On November 16, 1971, Reverend Mark A. Finan filed a petition to have a conservator appointed for Jessie D. Reilly. The attorney for Finan was the present petitioner, Seymour Velk. Apparently, in 1971, Jessie Reilly lived in Chicago. However, as revealed by the petitioner's affidavit, she fled the state, going to Ohio. There she consented to the appointment of an Ohio conservator. 1
According to the petitioner, the Illinois trial court on April 4, 1975 2 granted the defendant's motion to dismiss the petition to appoint the conservator. Since the defendant's motion to dismiss was not included as part of the record on appeal, since the report of proceedings was not included in the record and since, if the court filed an opinion, it also was not included in the record, it is impossible for us to know on what grounds the petition was dismissed. It is clear, however, from the language of the order that the petition was not dismissed for want of prosecution, although apparently neither Mark Finan nor the petitioner, Seymour Velk, was present when the order was entered. According to Velk, they were absent because of a clerical error in Velk's office.

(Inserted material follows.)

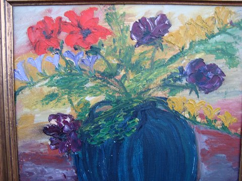 Lilly Höegh (20 årh): Blomster i stor kugleformet vase. Olie på lærred. Sign.: Lilly Høegh 23x23 (30 x30)
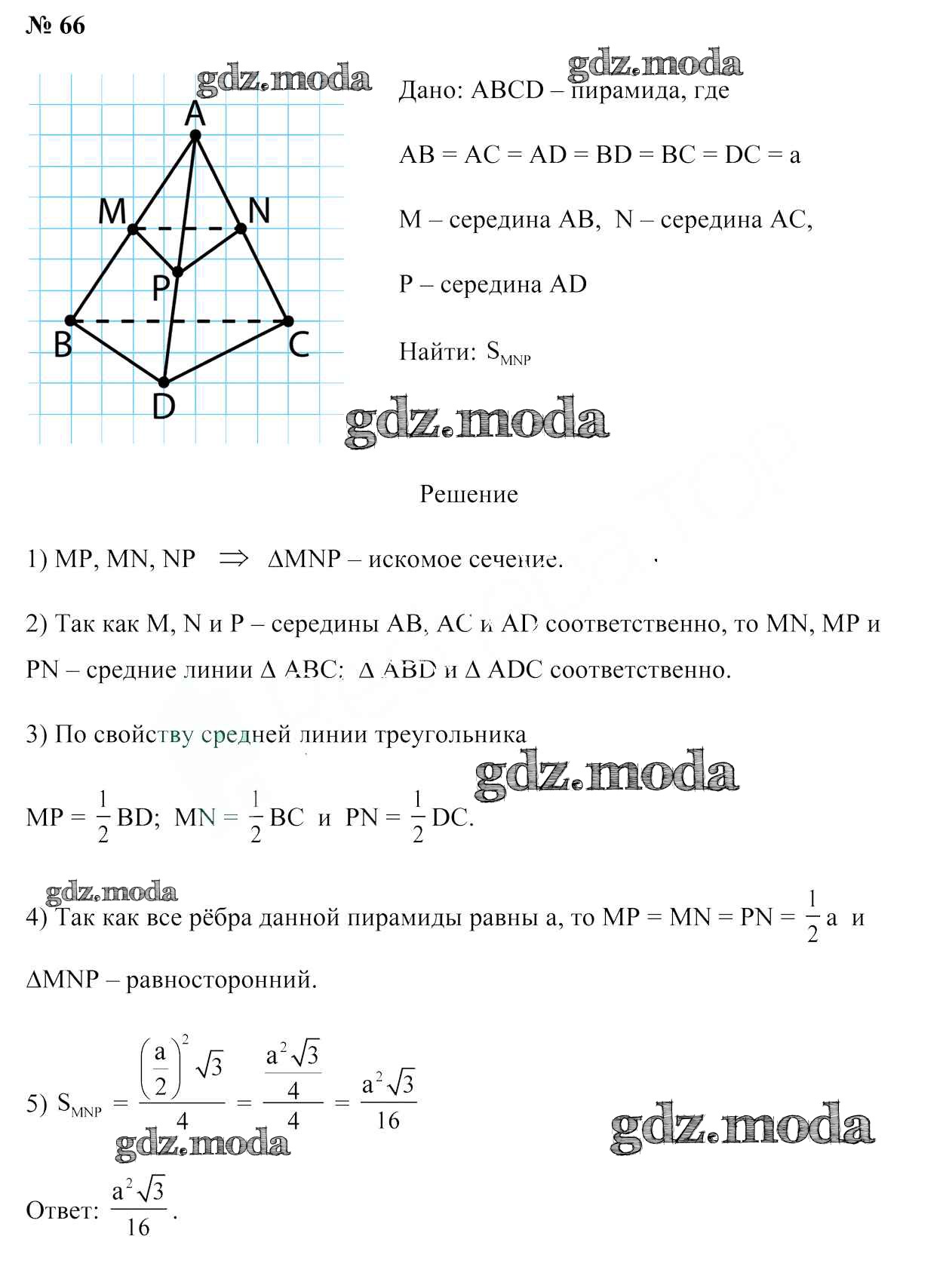 ОТВЕТ на задание № 66 Учебник по Геометрии 10 класс Латотин

According to the petitioner's affidavit, he had intended, at the time of the dismissal, to petition the court for reimbursement of expenses advanced by him and for reasonable attorney's fees. Within 30 days of April 4, 1975, he served notice of a motion to vacate the judgment on the defendant's Illinois attorney. He did not, however, file the motion in court within 30 days as is required. For this reason, the petition was denied. The judge, according to Velk's affidavit, told him that if he filed a petition to vacate the judgment pursuant to section 72 of the Civil Practice Act (Ill.Rev.Stat.1975, ch. 110, par. 72), 3 the judge would vacate the dismissal order and open the judgment for the purpose of allowing a petition for expenses and attorney's fees. Shortly after this, one of Velk's files pertaining to the case was misfiled. Velk does not allege that any search was made, at that time, for the misplaced file. In April, 1976, the petitioner commenced moving his law office to a new location; the move took several months. Some of Velk's files, including the files in the Reilly case, were misdirected by the mover to the location where the closed files were stored; it took several months of digging through the old files to locate the needed Reilly documents. Velk claims he needed these documents to show he had a meritorious claim because without them the needed detailed allegations could not have been made. Attached to the affidavit is an 11-page schedule of time expended and monies advanced.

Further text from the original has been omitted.